Anvisa anuncia retenção de receita para medicamentos usados para emagrecimento; Ozempic está na lista
A instituição reforça que a prescrição desses medicamentos deve ser baseada em critérios médicos bem definidos e que seu uso deve ser acompanhado de monitoramento constante.
- Publicado: 20/01/2026
- Alterado: 16/04/2025
- Autor: Redação
- Fonte: Farol Santander São Paulo
A Agência Nacional de Vigilância Sanitária (Anvisa) anunciou uma nova regulamentação que obriga a retenção da receita médica na venda de medicamentos originalmente indicados para o tratamento de diabetes tipo 2, mas que têm sido amplamente utilizados com finalidade estética, principalmente para emagrecimento.
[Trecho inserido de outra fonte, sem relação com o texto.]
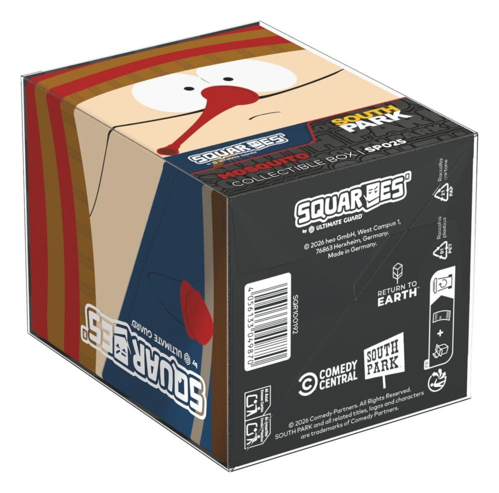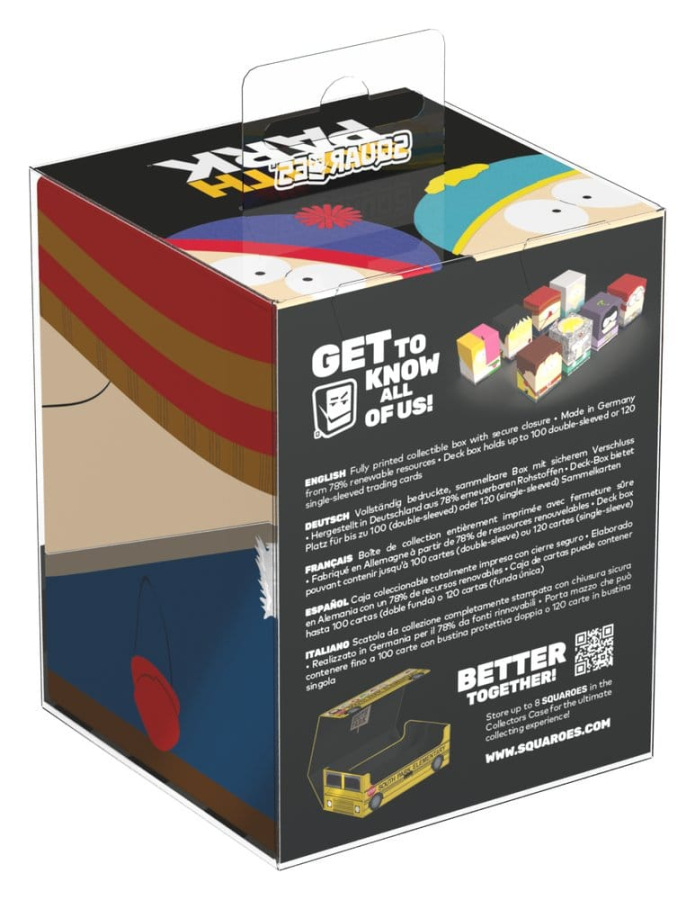 Collectible box for storing TCG decks, tabletop gaming accessories, and/or collectibles. The Mosquito Squaroe from the South Park™ edition holds up to 100 cards in double protective sleeves if used as a deck box. Squaroes are made from 78% renewable resources and fit perfectly into the separately available Collectors Case.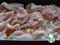 Выложить курицу. Слегка полить сметанной смесью. |
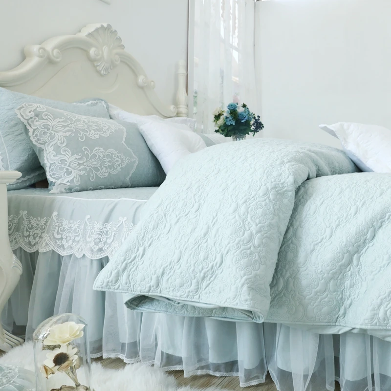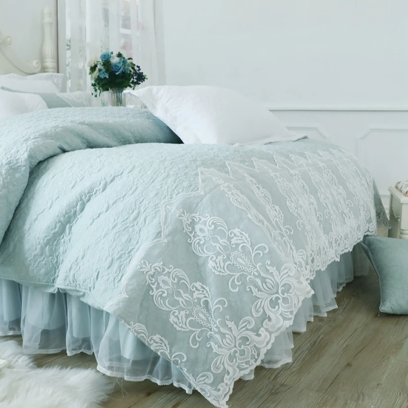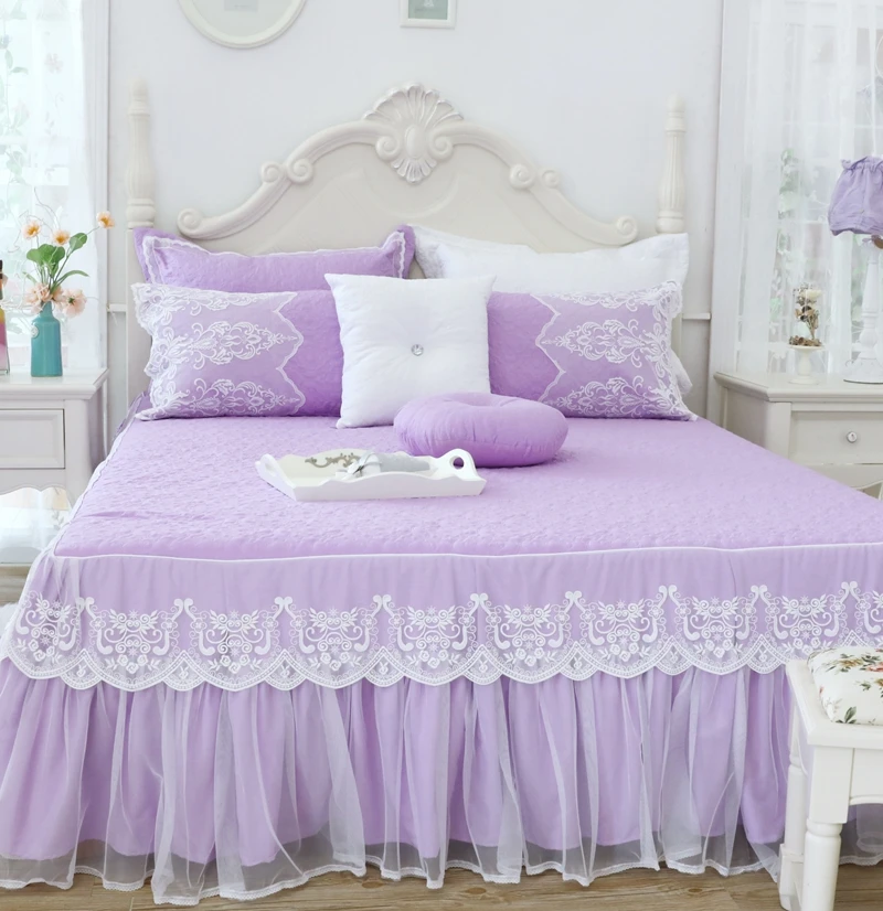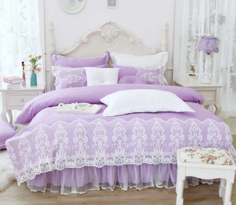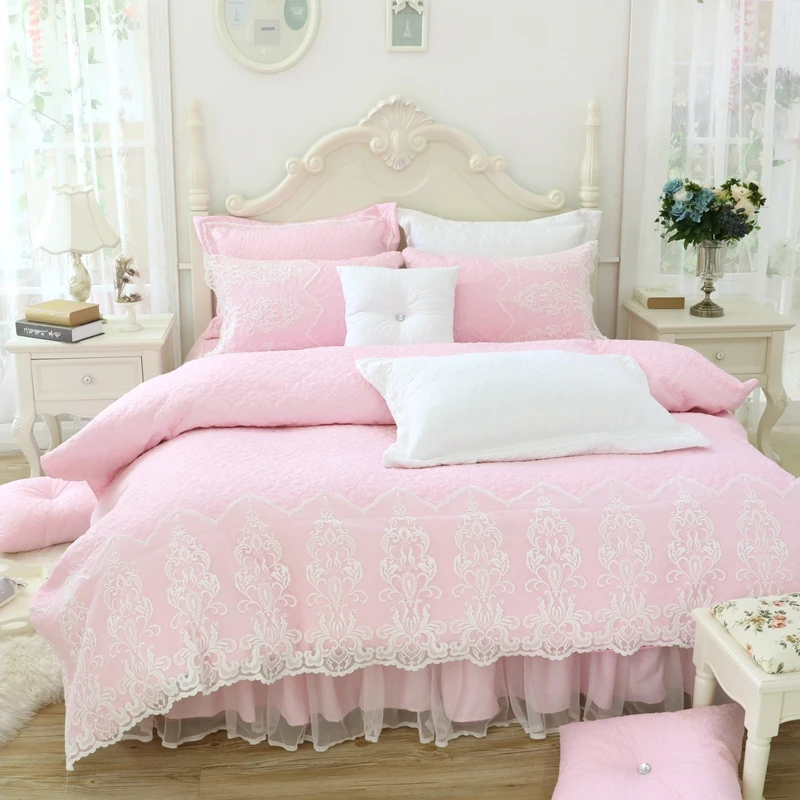 Thick cotton winter bed cover set lace princess girls bedding set twin queen king size 4/8pcduvet cover bed skirt set pillowcase

A medida, que entrará em vigor 60 dias após sua publicação no Diário Oficial da União, tem como objetivo principal aumentar a segurança dos pacientes e coibir o uso indiscriminado desses fármacos.
Uso off-label e riscos à saúde
Até então, bastava apresentar a prescrição médica para adquirir medicamentos como semaglutida (nome comercial Ozempic) ou tirzepatida (comercializada como Mounjaro). Com a nova diretriz, as farmácias estarão obrigadas a reter a receita, criando uma barreira adicional contra a automedicação e o uso sem acompanhamento profissional.
Esses medicamentos atuam na regulação do apetite e no controle da glicemia, e têm demonstrado resultados expressivos na perda de peso — o que levou ao aumento exponencial da demanda, inclusive entre pessoas sem diagnóstico de diabetes.
O problema é que o uso fora da indicação oficial, chamado de off-label, pode causar efeitos adversos graves, como náuseas intensas, problemas gastrointestinais e até descompensações metabólicas.
Ozempic, Mounjaro e a popularização dos análogos de GLP-1
Ozempic e Mounjaro pertencem à classe dos análogos de GLP-1, hormônios que simulam a ação do peptídeo-1 semelhante ao glucagon, promovendo sensação de saciedade, retardando o esvaziamento gástrico e ajudando no controle glicêmico.
Esses medicamentos foram desenvolvidos com foco em pacientes com diabetes tipo 2, mas ganharam notoriedade como ferramentas de emagrecimento após celebridades e influenciadores relatarem perdas de peso significativas ao utilizá-los.
O fenômeno aumentou a procura nas farmácias, levando inclusive a desabastecimentos temporários. Com isso, profissionais da saúde passaram a alertar para os riscos do uso sem acompanhamento, e a Anvisa intensificou a fiscalização e o controle regulatório sobre esses produtos.
Medida visa proteger a saúde pública
Segundo a Anvisa, a decisão de exigir a retenção da receita está alinhada com a missão da agência de garantir o uso seguro e eficaz de medicamentos no país.
A instituição reforça que a prescrição desses medicamentos deve ser baseada em critérios médicos bem definidos e que seu uso deve ser acompanhado de monitoramento constante.
O novo protocolo reforça a necessidade de um debate mais amplo sobre o uso racional de medicamentos e a importância da consulta médica para decisões terapêuticas. Consumidores e profissionais devem ficar atentos às atualizações publicadas pela agência, que continuará divulgando orientações para esclarecer a população sobre o uso correto desses tratamentos.